Sir John Major, KG, CH, PC (born 29 March 1943) is a British politician who was the Prime Minister of the United Kingdom and the leader of the Conservative party from 1990 to 1997. He was the Member of Parliament for Huntingdon from 1979note  to 2001, and served consecutively as Foreign Secretary and Chancellor of the Exchequer from mid 1989 to late 1990 in the last government of Margaret Thatcher before succeeding her as PM. Like Thatcher to Ronald Reagan, Major can be seen roughly as the Transatlantic Equivalent to George H. W. Bush.

In the wake of the ousting of Thatcher, Major took over the Conservative party at a time they were trailing the Labour party by 20 points and more in the polls.

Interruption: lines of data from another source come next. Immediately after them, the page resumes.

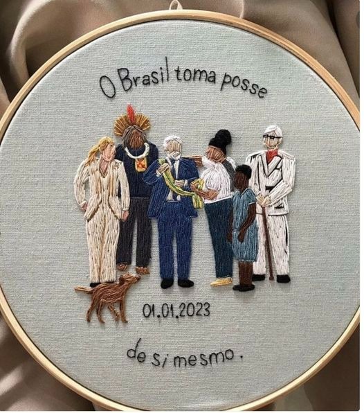 Resgato a cena do topo da rampa, pois que inesquecível – e que não me exijam a ordem exata. A faixa, novinha em folha, livre de vodu, em tafetá verde e amarelo, passa de mão em mão: do cacique Raoni para a cozinheira branca da Vigília Lula Livre; dela para o companheiro plantonista nos 580 dias, e deste para o rapaz deficiente, trajado a caráter para lembrar a existência de seus iguais; o universitário recebe e passa para o jovem trabalhador, que repassa ao menino negro, campeão na vida e nas piscinas…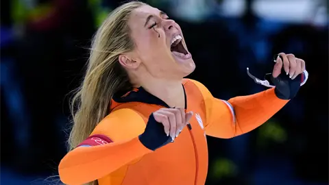 Frente a una multitud ruidosa de fanáticos vestidos de naranja de su nación apasionada por el patinaje de velocidad, Leerdam —medallista de plata en 2022— nunca se desvió de sus pasos firmes hasta cruzar la línea de meta. Luego levantó un brazo y lanzó un grito.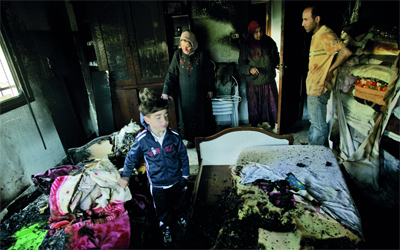 فلسطينيون في منزلهم الذي أحرقه مستوطنون في قرية حوارة. أ.ب
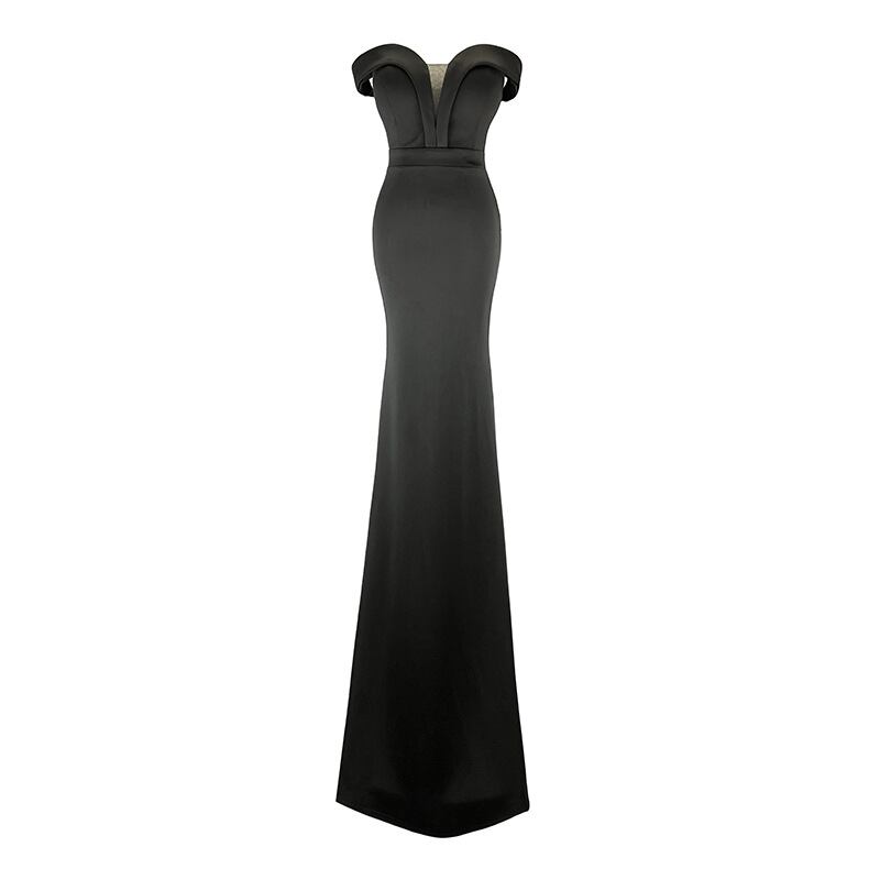 エレガントなフィッシュテールシルエットが魅力のロングドレス。オフショルダーで肌見せも程よく、華やかさを演出します。シンプルな無地デザインは、様々なパーティーシーンで活躍すること間違いなし。美しくスリムな細身シルエットで、セクシーで女性らしい装いに仕上げます。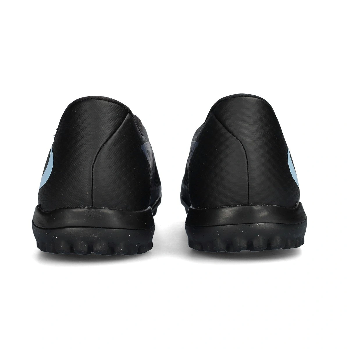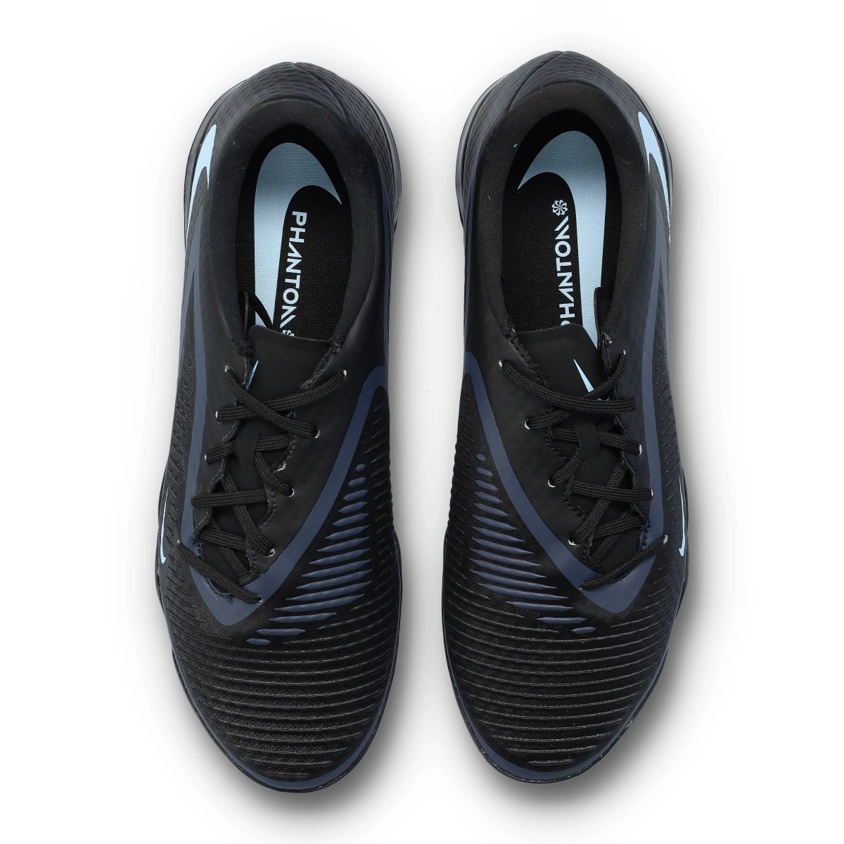 Chaussures de football Nike Phantom 6 Low Academy Turf. Chaussures en maille sans chausson, conçues pour les terrains en moquette ou gazon artificiel. Modèle de gamme intermédiaire destiné aux joueurs axés sur le contrôle et la précision, en coloris Black-Black.

Not only did Major recapture support in the 1992 general election campaign, most famously making Literal Soapbox Speechesnote , but he emerged with a surprise victory where his party received a (still unbeaten) record 14,093,007 votes.note  Major however ended up with a barely-workable majority in the House of Commons of only 21 seats (in contrast, Thatcher had achieved 144- and 102-seat majorities in 1983 and 1987 respectively) — though even this was mostly dismissed as a side effect of lingering resentment towards Thatcher, with most political commentators predicting afterwards that Major would likely call another election in 1994 or 1995 and win back the huge majority the Tories had enjoyed for most of the 1980s.

Instead, everything swiftly went downhill from there.

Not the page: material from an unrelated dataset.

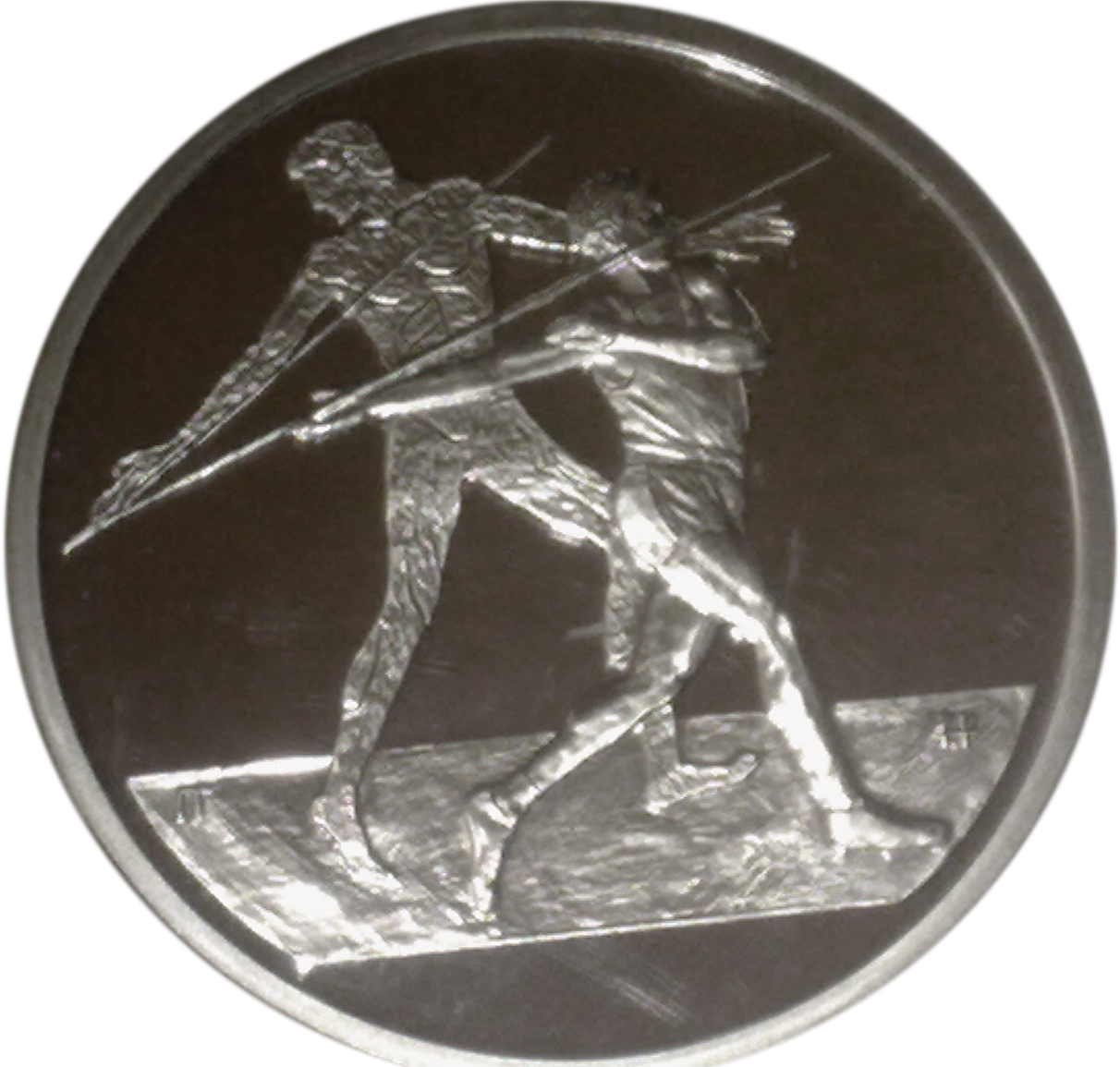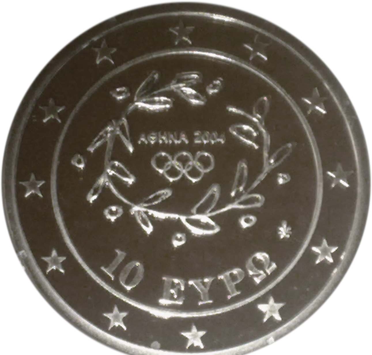 Описание: Дизайн складається з емблеми Літніх Олімпійських ігор 2004 року в Афінах, вінка з гілки оливкового дерева, або котіноса, що є відсиланням до античних Олімпійських ігор, де котінос був офіційною нагородою олімпійських чемпіонів. Вінок навколо олімпійських кілець оточений колом, облямованим 12 зірками.

Five months after the election, Britain was expelled from the European Exchange Rate Mechanism (ERM)note  on what was called "Black Wednesday". Although this would unexpectedly help the economy recover in the long run, in the short term it greatly damaged the Conservatives' reputation for good economic management since they had spent the last year trying their hardest and spending billions to stay in the ERM. There was also significant progress in the Northern Ireland Peace Process — the only thing that prevented a full peace agreement was the government's demand that the IRA lay down their weapons first before negotiating — yet despite such occasional positive developments Major's government was dogged by scandals, PR disasters and Conservative infightingnote , especially over European issues. Having been in power since 1979, the party had little left to offer to voters, whereas Labour were regrouping and modernising, firstly under the leadership of John Smith, and then Tony Blair following Smith's untimely death in 1994. Rumours of leadership challenges came and went, resulting in Major calling a leadership election against himself in 1995 in an attempt to secure his control over the party. Brilliantly, it worked, as Major (who had disappointed the party's Thatcherite right wing by being politically and temperamentally more moderate than she was) faced only token opposition from Eurosceptic right-winger John Redwood and was easily re-elected, but it really just delayed the inevitable. In the 1997 general election, the Conservatives were routed by Blair's reformed Labour Party, losing over half their seats. Major resigned the leadership less than three weeks after he lost government.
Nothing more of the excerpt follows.